Schools in communities with higher levels of SARS-CoV-2 will likely take more steps to prevent the spread of disease. See CDC’s Considerations for Schools for examples of some steps schools may take as part of their reopening strategy. Parents and caregivers might also be interested in learning how the school plans to support the emotional wellbeing of students—both in person and virtually.
Schools can work with state, local, territorial, and tribal health officials to determine whether and how to implement these considerations to meet the unique needs and circumstances of the local community. Implementation should be guided by what is feasible, practical, acceptable, and tailored to the needs of each community.
Choosing whether or not to send your child back to school can be difficult. When weighing decisions about your child returning to school, it is important to consider your family’s unique needs and situation and your comfort level with the steps your school is taking to reduce the spread of COVID-19. Some considerations may include the specific risks to members of your household if a child were to become infected in school, as well as access to school meal programs, social services, extended day childcare services and extra-curricular activities, social-emotional support from peers and educators, and school transportation.
The questions in these tools are designed to help you weigh the risks and benefits of available educational options before you make decisions. Recognizing that there may be many unknowns, answer each question with a check in the column that most closely reflects you and your family today. When you are finished, review your answers. Remember, each family is different so certain questions may be particularly important to you. Multiple checks in the “Unsure” or “Disagree” columns might warrant a conversation with school administrators, your healthcare provider, or your employer. Parents may also want to use the tool to make their views, concerns, and suggestions known to school administrators.
If your child or a member of your family has been diagnosed with COVID-19, please follow CDC’s guidelines and stay at home until the criteria to discontinue home isolation have been met.
Back to School
Note: These questions address your views about how your school is preparing for school year 2020-2021. If you answer “unsure” to any items regarding your school’s plan, consider reaching out to your school administrator for more information.

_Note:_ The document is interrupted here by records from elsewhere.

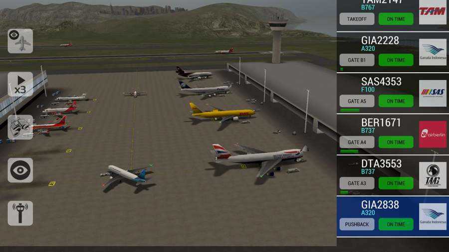 游戏也是较为人性化,并不像ATC那样那么考验地上滑行能力。当飞机着陆后将会从任意一个脱离口脱离,然后滑往停机坪的联络道,
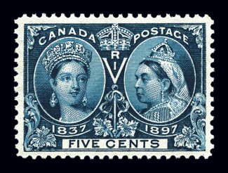 1112 nh 54 image#54, 1897 5c Jubilee, extraordinarily well centered within large margins, rich deep color and a razor-sharp impression on fresh white paper, flawless o.g., n.h., extremely fine; 2003 Greene Foundation certificate (Unitrade C$180.00). (Image) $95.00
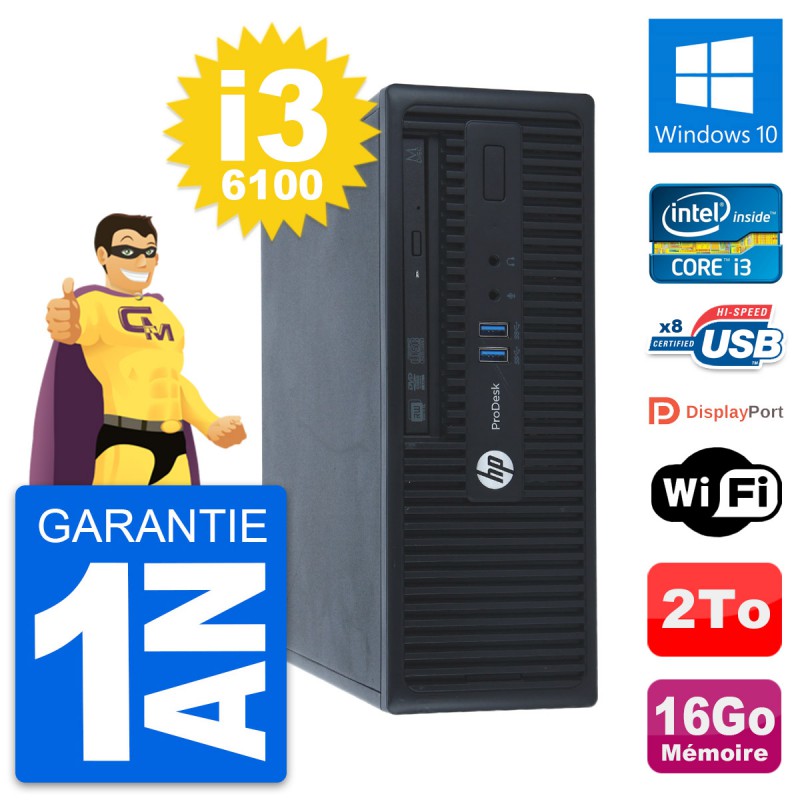 PC HP ProDesk 400 G3 SFF Intel Core i3-6100 RAM 16Go Disque 2To Windows 10 Wifi
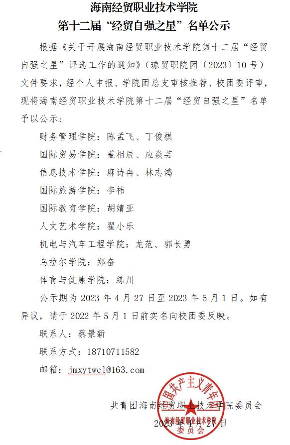 9428cn太阳集团古天乐第十二届“经贸自强之星”名单公示
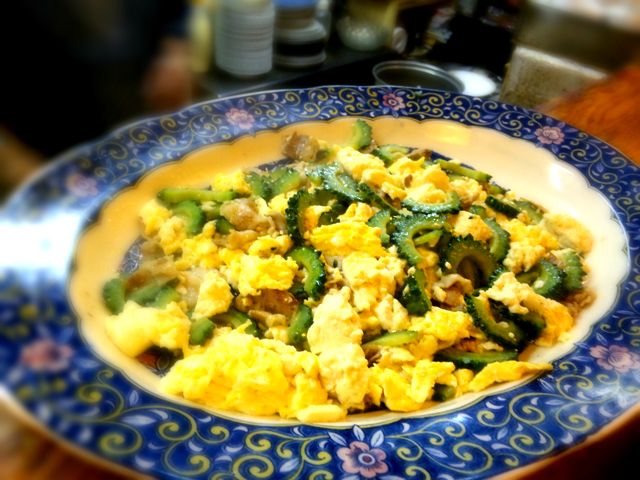 「ゴーヤチャンプル」です。シャッキシャキでホントに美味しかった。本場の味はわかりませんが、自分が頂いたゴーヤチャンプルのなかでは一番美味いと思いました。味つけがい~んだよねー。
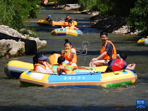 8月13日,游客在四川省达州市渠县临巴镇凉桥村漂流游玩。(新华社发 邓良奎 摄)
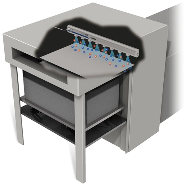 セル工程は作業上、どうしても静電気が発生します。アース対策や導電化などを行なっても、部品の剥離時の帯電や中空での作業時などは、それらの対策だけでは効果が不十分です。除電器を用いることで静電気対策効果を向上します。
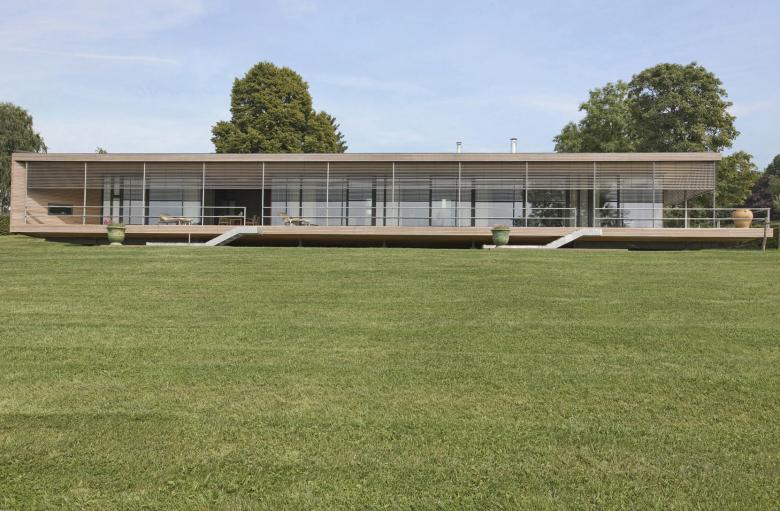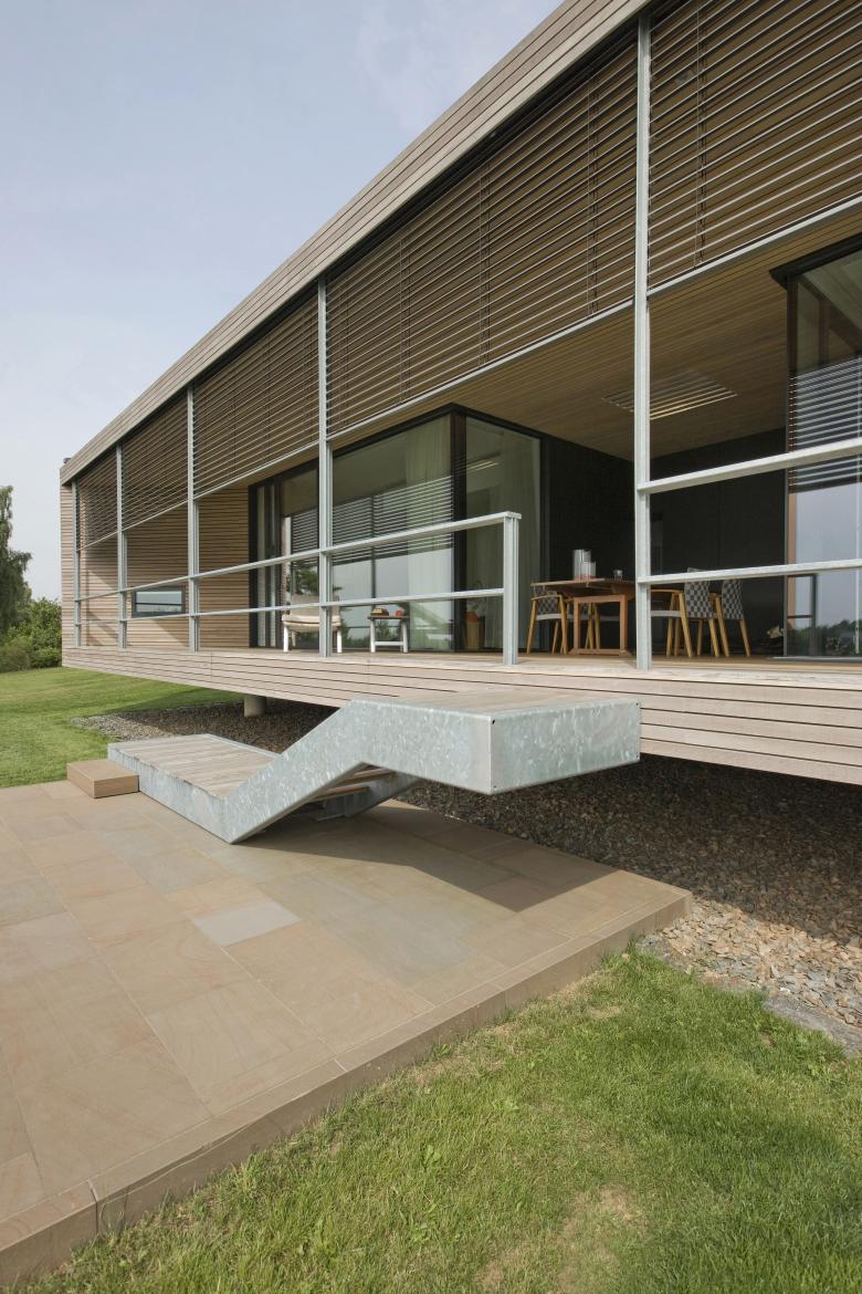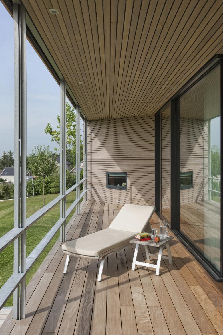 La seconde aile orientée quant à alle nord/sud se liaisonne avec la première par un volume entièrement vitré, on y retrouve le hall d'entrée et une piscine qui accompagne cette zone côté sud. Cette aile réalisée en ossature bois se détache du sol et renferme les espaces de vie, le bureau bibliothèque ainsi que la suite parentale. Une coursive extérieure couverte régule les surchauffes à l'aide de stores mécanisés par domotique. Un patio couvert détache le séjour de la zone de nuit. Deux terrasses implantées à même le sol sont rendues accessibles par l'intermédiaire de deux escaliers auto portants en acier galvanisé.

|Does Not Apply||Disagree||Unsure||Agree|
|I feel comfortable with my school’s reopening plans for reducing risk of spreading COVID-19.||☐||☐||☐||☐|
|I believe my school has the resources needed to effectively implement their reopening plan (e.g., staffing, supplies, training).||☐||☐||☐||☐|
|I feel comfortable with my school’s plan if a student or staff member test positive for COVID-19.||☐||☐||☐||☐|
|I believe my school has a plan to provide an effective program of instruction every day of the regular school week (generally five days).||☐||☐||☐||☐|
|I am satisfied with how my school communicates with families about the changes it is considering.||☐||☐||☐||☐|
|I am satisfied with how my school is addressing parents’ or caregivers’ concerns and questions.||☐||☐||☐||☐|
|My child knows how to properly wear a cloth face covering and understands the importance of doing so.||☐||☐||☐||☐|
|My child can wear a cloth face covering for an extended period of time, if required by the school.||☐||☐||☐||☐|
|My child has a reliable mode of transportation to and from school (e.g., school bus, carpool, walk/bike, public transit).||☐||☐||☐||☐|
|I am comfortable with how my child’s mode of transportation to and from school is reducing the risk of spreading COVID-19 (e.g., decreased bus/transit capacity, wearing masks, increased cleaning and disinfecting practices).||☐||☐||☐||☐|
Virtual/At-Home Learning Feasibility
Note: The questions in this section assess whether learning would be feasible for you and your child.
|Does Not Apply||Disagree||Unsure||Agree|
|I am able to work while my child is not in school (i.e., can still successfully do my job or I am able to telework).||☐||☐||☐||☐|
|I have access to reliable internet and a device, such as a computer or tablet, which my child can use for virtual learning.||☐||☐||☐||☐|
|I can supervise or identify someone who can supervise my child during periods of virtual/at home learning.||☐||☐||☐||☐|
|My child has a space where I live that is free of distractions during school hours.||☐||☐||☐||☐|
|My school provides a virtual learning option that allows students to have real-time interactions with their teachers (e.g., have live instruction).||☐||☐||☐||☐|
|My child’s learning style and needs are compatible with digital modes of learning.||☐||☐||☐||☐|
Academic and Social-Emotional Wellbeing
|Does Not Apply||Disagree||Unsure||Agree|
|My child will be able to keep up academically through virtual/at-home learning.||☐||☐||☐||☐|
|My child will receive quality education through virtual/at-home learning.||☐||☐||☐||☐|
|My child will be sufficiently engaged during prolonged periods of virtual/at-home learning.||☐||☐||☐||☐|
|My child will be able to stay socially connected during prolonged periods of virtual/at-home learning.||☐||☐||☐||☐|
|If my child needs specialized adaptive communication devices, equipment, or learning aides, I am able to have them where I live.||☐||☐||☐||☐|
Note: The questions below review some school-based services that your family may be using. You may want to consider whether you have been able to access these services through a virtual/at home learning option, your satisfaction with the services to date, and whether you would prefer to receive these services in school. If your child is at higher risk for severe illness and relies on school-based services that are only available on site, you may want to have additional conversations with your school to address concerns you may have.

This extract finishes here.